Retype, word for word, the line holding "Quality:good Suitability:good Appearance:good" and every line below it to the end of the listing. Leave out the pictures.

Data in this exercise.
[Start of Attachment]
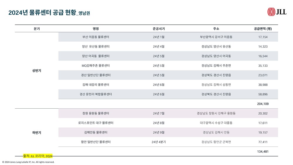 #2024영남권물류부동산 #물류센터공급 #영남권부동산시장 #저온물류센터 #공실률 #물류부동산전망 #영남권물류동향 #부산경남물류 #JLLKorea #물류부동산투자
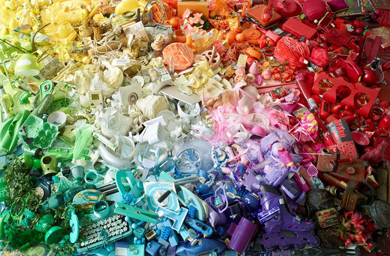 On a relatively minor scale Jane likes to create order and patterns out of random found objects, old toys, plastic bits and bobs, “mini-kipple”, you could say – as in this photograph (published by Uppercase magazine).
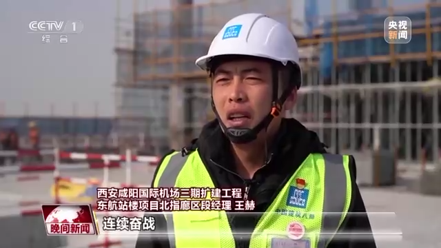西安咸阳国际机场三期扩建工程东航站楼项目北指廊区段经理 王赫:我们春节期间组织了近千余人,连续奋战,预计一周时间北二指廊就会全面封顶。
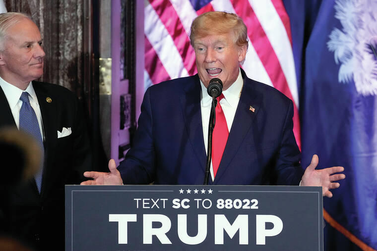 COLUMBIA, S.C. — Former President Donald Trump kicked off his 2024 White House bid with stops Saturday in New Hampshire and South Carolina, events in early-voting states marking the first campaign appearances since announcing his latest run more than two months ago.
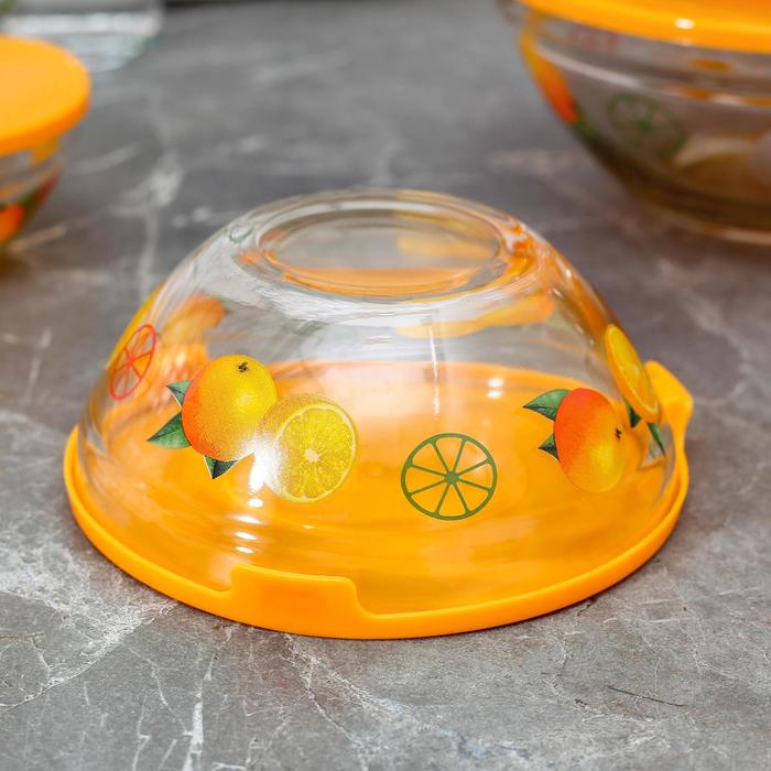 Набор салатников с крышками "Апельсин", 5 шт: 130/200/350/500/900 мл, цвет оранжевый
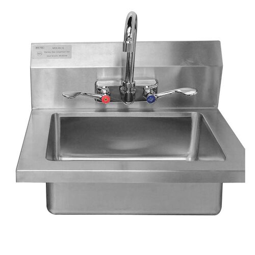 MixRite Hand Sink, 18″W, wall mount, 14″W x 10″ front-to-back x 5″ deep bowl, 18/300 series stainless steel, 6″H backsplash with 2″ return, 1-1/2″ drain, includes: gooseneck faucet with wrist blade handles, strainer, Z-clip mounting bracket, NSF
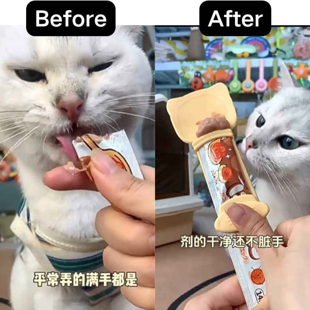 Quality:good Suitability:good Appearance:good Bought one earlier and found it super useful. The front part can be pressed down like a seal for opened stick puree treats. The spoon is great for preventing my greedy cats from biting through the pack and potentially the fingers of my visitor feeders haha
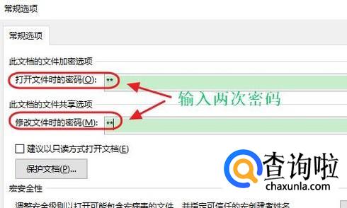 我们注意到工具的右侧是一个三角形下拉按钮,点击以后我们选择其中的“常规选项”,接着在常规选项对话框的最上方会要求我们输入密码,同样需要两项输入两次才行,这样也能实现给文档加密的效果;
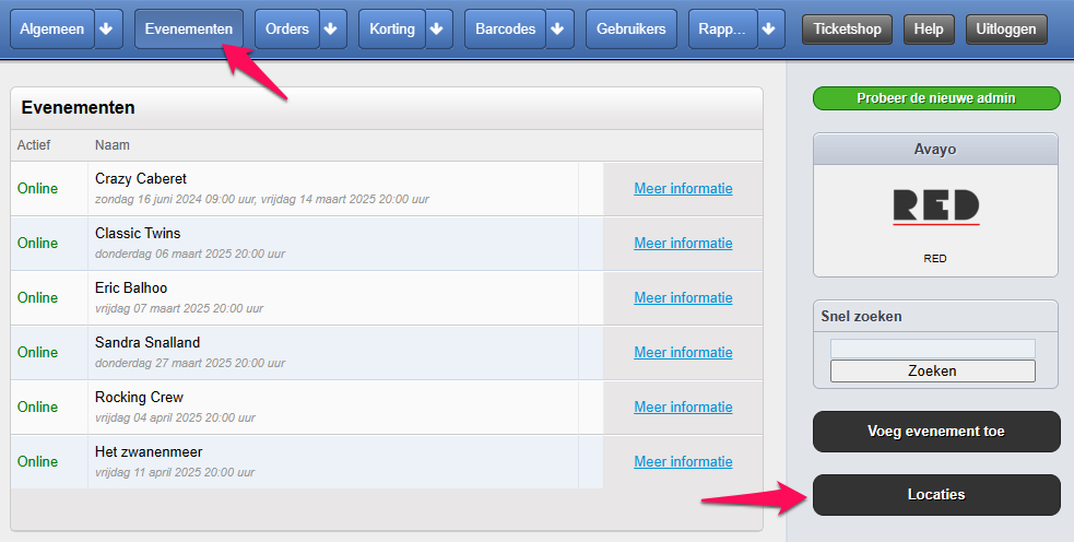 Ga als eerste naar https://admin.avayo.nl/ en log in met het door jouw opgegeven e-mailadres en wachtwoord. Je komt dan in het beheersysteem van de ticketshop.
[End of Attachment]
Solution for this task.
 Quality:good Suitability:good Appearance:good Bought one earlier and found it super useful. The front part can be pressed down like a seal for opened stick puree treats. The spoon is great for preventing my greedy cats from biting through the pack and potentially the fingers of my visitor feeders haha
 我们注意到工具的右侧是一个三角形下拉按钮,点击以后我们选择其中的“常规选项”,接着在常规选项对话框的最上方会要求我们输入密码,同样需要两项输入两次才行,这样也能实现给文档加密的效果;
 Ga als eerste naar https://admin.avayo.nl/ en log in met het door jouw opgegeven e-mailadres en wachtwoord. Je komt dan in het beheersysteem van de ticketshop.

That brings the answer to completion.